AWS Glue and Snowflake Open Catalog

Register tables in AWS Glue Data Catalog for Athena and Redshift Spectrum queries. Or use Snowflake Open Catalog (Polaris) as an Iceberg REST catalog for cross-engine access.

Cross-Account IAM Role Assumption

Supaflow assumes an IAM role in your AWS account to write data. Your credentials stay in your account. The external ID mechanism prevents confused deputy attacks.

Time-Based Partitioning

Organize Parquet files by day, hour, or sync ID for efficient query pruning. Iceberg tables handle partitioning through the catalog automatically.

Supported Objects

Table Formats

Parquet

GZIP-compressed Parquet files. Append-only writes, optional Glue catalog registration. Best for simple data lake use cases.

Apache Iceberg™

Iceberg tables with atomic writes, schema evolution, and snapshot history. Requires a catalog (AWS Glue or Snowflake Open Catalog).

Catalog Options

AWS Glue Data Catalog

Register tables as Glue databases and tables. Query with Athena, Redshift Spectrum, Spark, or EMR. Works with both Parquet and Iceberg.

Snowflake Open Catalog

Iceberg REST catalog backed by Snowflake. Query with Snowflake, Spark, Trino, or any Iceberg-compatible engine. Requires OAuth2 credentials.

How It Works

Create IAM policies in your AWS account

Create an S3 permissions policy for bucket read/write access. Optionally create a Glue permissions policy if using Glue catalog. Policies can be scoped to a specific S3 prefix and Glue database prefix.

Create an IAM role with trust policy

Create a role that trusts the Supaflow AWS account (805595753828) with an external ID you choose. Attach the S3 and Glue policies to the role.

Configure the destination in Supaflow

Enter your S3 bucket name, region, IAM role ARN, and external ID. Choose Parquet or Iceberg table format. For Iceberg, select AWS Glue or Snowflake Open Catalog and provide catalog credentials.

Test and save

Click Test & Save to verify IAM role assumption, S3 write access, and catalog connectivity.
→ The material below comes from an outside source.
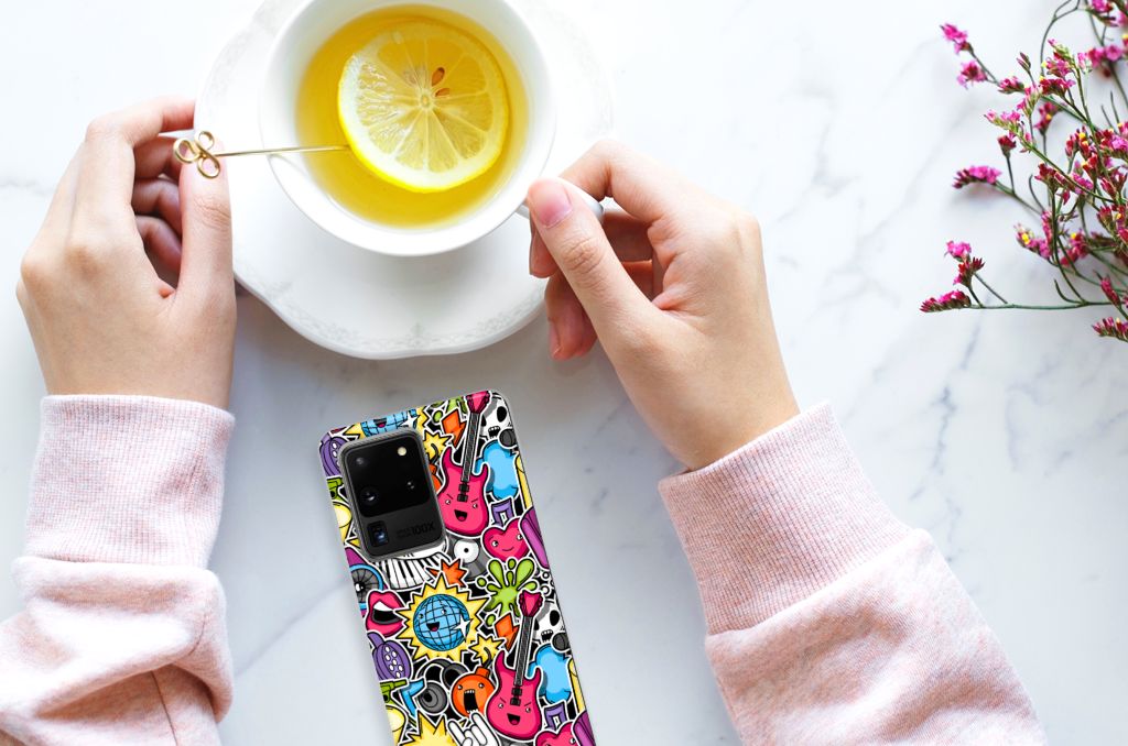 Ben je op zoek naar een uniek telefoonhoesje voor je Samsung Galaxy S20 Ultra? Dan ben je bij B2C Telecom aan het juiste adres! Speciaal voor jou hebben we dit prachtige Punk Rock design in onze collectie hoesjes opgenomen. Het design wordt bedrukt op een Silicone Back Cover en is gemaakt van flexibel rubber. Het design wordt alleen aan de bovenkant van het hoesje bedrukt en de randen blijven transparant. Aan de zijkanten zijn uitsparingen gemaakt waardoor je met gemak alle knoppen en poorten kunt bedienen. Wij adviseren om dit hoesje in combinatie met een screenprotector te gebruiken voor een langere levensduur van je telefoon. Wil je dit design hoesje nog iets extra's geven? Voeg dan gratis je naam of een quote toe! Is dit design hoesje toch niet helemaal wat je zocht? Ontwerp dan zelf een hoesje in ons ontwerpprogramma.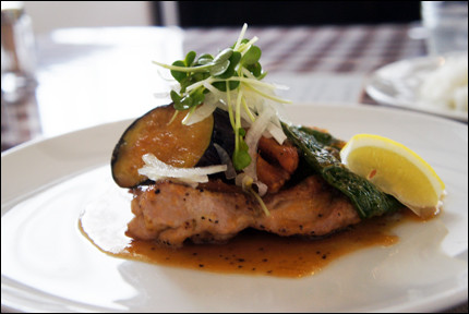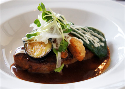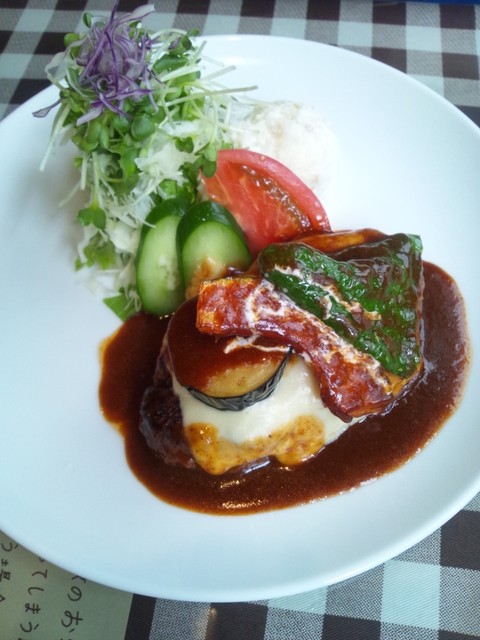 ハンバーグの上には 茄子、ピーマン、ポテト。

Supaflow validates all permissions before saving.

Use Cases

Build an open data lake on your own S3

Replicate data from Salesforce, HubSpot, PostgreSQL, and other sources into S3 as Parquet or Iceberg. Your data stays in your bucket under your control -- no vendor lock-in on storage.

Query with any engine

Once data lands in S3 with Glue or Open Catalog registration, query it from Athena, Snowflake, Spark, DuckDB, Databricks, Dremio, Trino, Redshift Spectrum, or BigQuery. One write, many readers.

Iceberg time travel and schema evolution

Use Iceberg table format for ACID transactions, snapshot-based time travel queries, and automatic schema evolution as your source systems change.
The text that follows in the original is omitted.